_Given data_
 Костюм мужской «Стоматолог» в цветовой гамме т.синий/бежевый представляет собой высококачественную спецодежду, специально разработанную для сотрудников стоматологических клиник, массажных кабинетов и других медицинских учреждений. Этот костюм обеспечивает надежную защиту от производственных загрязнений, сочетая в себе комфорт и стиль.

...

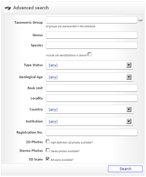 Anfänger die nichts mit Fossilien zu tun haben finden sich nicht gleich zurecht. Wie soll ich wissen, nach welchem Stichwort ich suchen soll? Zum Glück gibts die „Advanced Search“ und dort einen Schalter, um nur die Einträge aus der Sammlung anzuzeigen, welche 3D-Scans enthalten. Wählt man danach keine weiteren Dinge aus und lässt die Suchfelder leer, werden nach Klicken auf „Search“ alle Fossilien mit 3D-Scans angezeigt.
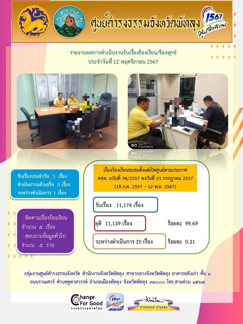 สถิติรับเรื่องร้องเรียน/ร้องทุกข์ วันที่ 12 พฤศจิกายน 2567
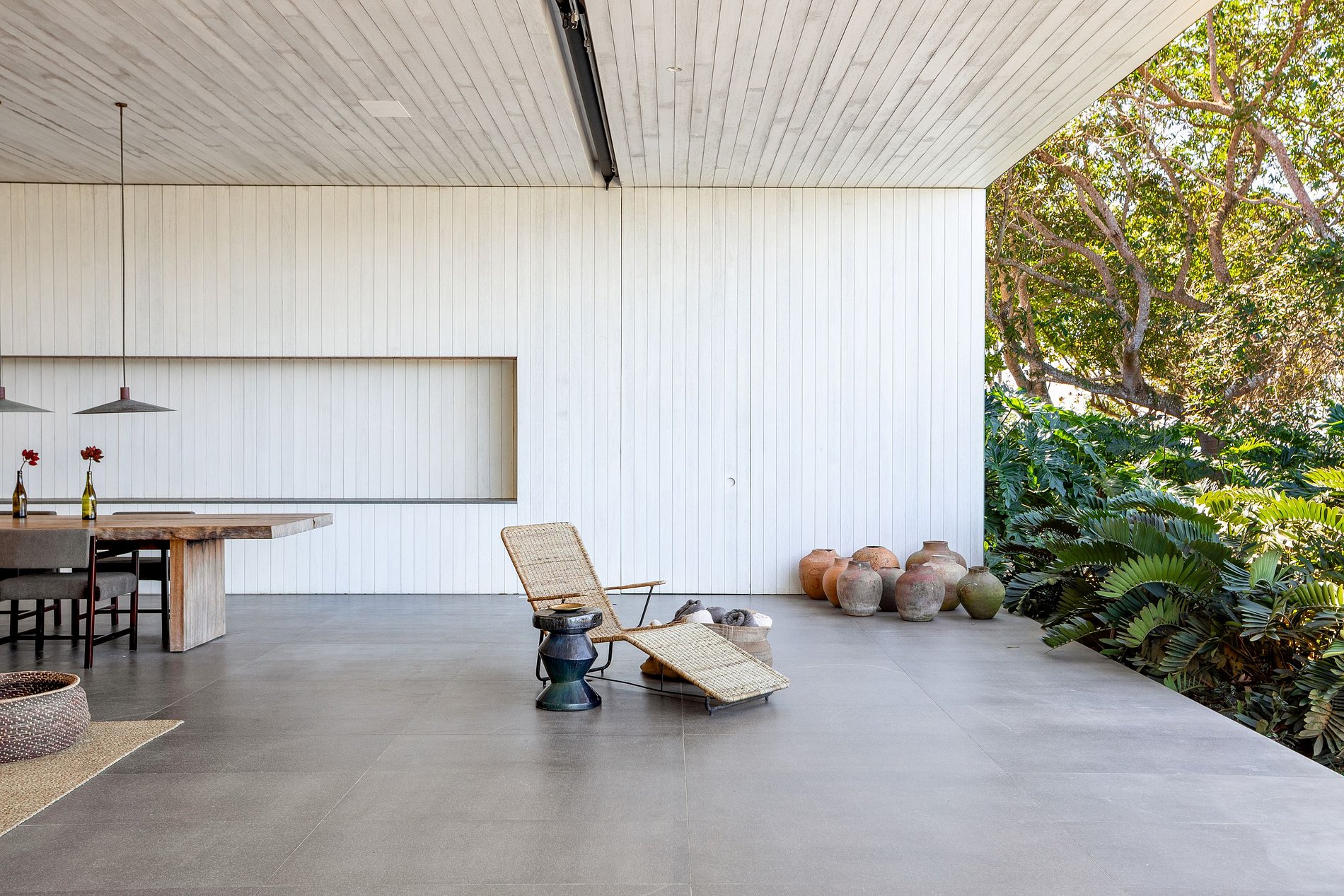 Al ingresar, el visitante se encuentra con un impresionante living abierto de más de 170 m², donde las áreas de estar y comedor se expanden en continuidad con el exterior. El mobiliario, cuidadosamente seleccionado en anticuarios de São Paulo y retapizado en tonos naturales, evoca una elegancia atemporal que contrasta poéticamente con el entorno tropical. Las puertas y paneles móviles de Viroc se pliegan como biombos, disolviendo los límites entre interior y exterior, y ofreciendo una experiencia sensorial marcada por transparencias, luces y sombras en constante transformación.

_Task to carry out_
Set down again, word for word, every line from the one with "Anfänger die nichts" to the one with "Al ingresar, el" in the entries above, and omit the pictures.

_Your response_
 Anfänger die nichts mit Fossilien zu tun haben finden sich nicht gleich zurecht. Wie soll ich wissen, nach welchem Stichwort ich suchen soll? Zum Glück gibts die „Advanced Search“ und dort einen Schalter, um nur die Einträge aus der Sammlung anzuzeigen, welche 3D-Scans enthalten. Wählt man danach keine weiteren Dinge aus und lässt die Suchfelder leer, werden nach Klicken auf „Search“ alle Fossilien mit 3D-Scans angezeigt.
 สถิติรับเรื่องร้องเรียน/ร้องทุกข์ วันที่ 12 พฤศจิกายน 2567
 Al ingresar, el visitante se encuentra con un impresionante living abierto de más de 170 m², donde las áreas de estar y comedor se expanden en continuidad con el exterior. El mobiliario, cuidadosamente seleccionado en anticuarios de São Paulo y retapizado en tonos naturales, evoca una elegancia atemporal que contrasta poéticamente con el entorno tropical. Las puertas y paneles móviles de Viroc se pliegan como biombos, disolviendo los límites entre interior y exterior, y ofreciendo una experiencia sensorial marcada por transparencias, luces y sombras en constante transformación.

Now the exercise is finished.